For simplicity, assume that all the numbers are distinct.
Here's what I mean by "mean decomposition":
Let's say you have three numbers $\alpha, \beta, \gamma$ with $\alpha>\beta>\gamma$. Then the mean of this is $$\mu=\frac{\alpha+\beta+\gamma}3.$$ If we split/decompose this set of numbers as $\{\alpha,\beta\}$ and $\{\gamma\}$ then the mean of the numbers in the first set is $$\mu_1=\frac{\alpha+\beta}2$$ Now define the mean decomposition in this case as $$\nu=\text{mean of}\;\mu_1\,\text{and}\;\gamma=\frac{\frac{\alpha+\beta}2+\gamma}{2}=\frac{\alpha+\beta+2\gamma}{4}$$ Hence the inequality that $$\begin{align}\mu>\nu&\impliedby4(\alpha+\beta+\gamma)>3(\alpha+\beta+2\gamma)\\&\impliedby\alpha+\beta>2\gamma\end{align}$$ is true since $\alpha,\beta>\gamma$.

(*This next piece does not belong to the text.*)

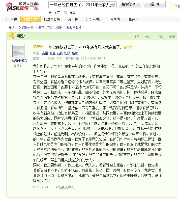 一年已经快过去了,2011年还有几天就完蛋了,我们即将走过2011年迎来崭新的2012年里,团结在坛主周围,高举“有空必来,有来必言,有言必留,有留必看”理论的伟大旗帜,认真贯彻落实“雁过留声,人过留言,鸡过留蛋,鸭过留毛”的要求,坚持“知无不言、言无不尽”的指导思想,弘扬“一不怕手酸,二不怕加班,三不怕头晕,四不怕眼花”的大无畏精神,把“保持联系,经常骚扰”作为振兴本坛的第一要务! 经过努力,从根本上改变了“几天来一趟,想到才来上,来了不说话,逛逛就走人”的方式!坚持“四有”原则,即“有组织,有预谋,有把握,有成绩”。坚持做“四有”坛友,即:“留言有新思想,灌水有新思路,吹牛有新突破,抬杠有新局面”!相互促进,共同发展,从而使咱坛走上可持续发展的伟大道路,同时坚决贯彻了2011年七大新观念:1、钱不是问题,问题是没钱。2、水能载舟,亦能煮粥。3、一山不能容二虎,除非一公和一母。4、火可以试金,金可以试女人,女人可以试男人。5、喝醉了我谁也不服,我就扶墙。6、就像一只趴在玻璃上的苍蝇,前途光明,出路没有。7、问世间情为何物?都是一物降一物。

To generalise this, suppose you have $n$ numbers in descending order $x_1,x_2,\cdots,x_n$.
The mean decomposition would be $$\nu=\text{mean of}(\;\cdots\,(\text{mean of}\;(\text{mean of}\;x_1\,\text{and}\;x_2)\;\text{and}\;x_3)\;\cdots\;\text{and}\;x_n)$$
Where I write $\sum$, it means the sum from $i=1$ to $n$.
Then $$\mu=\frac{\sum x_i}n$$ and it is possible to show that $$\nu=\frac{x_1+\sum2^{i-1}x_i}{2^n}$$
Hence the question can be rephrased as
Is it true that for any integer $n>2$, $$2^n\sum_{i=1}^n x_i>n\left(x_1+\sum_{i=1}^n2^{i-1}x_i\right)\quad?$$
Yes. Your “mean decomposition” is just a weighted average that assigns the elements towards the end of the anti-ordered list heigher weights. $$ \nu = \sum_i w_i\cdot x_i $$ with $$ \sum_i w_i = 1, \qquad w_{i+1} > w_i\ \forall i<n. $$ The ordinary mean can also be interpreted as such a weighted average, but with constant weights: $$ \mu = \sum_i \tfrac1n \cdot x_i $$ Starting from that expression, you can switch to $\nu$ by “redistributing weight to the right”. Which means you're giving more weight to the smaller numbers and less to the higher ones, which obviously reduces the result.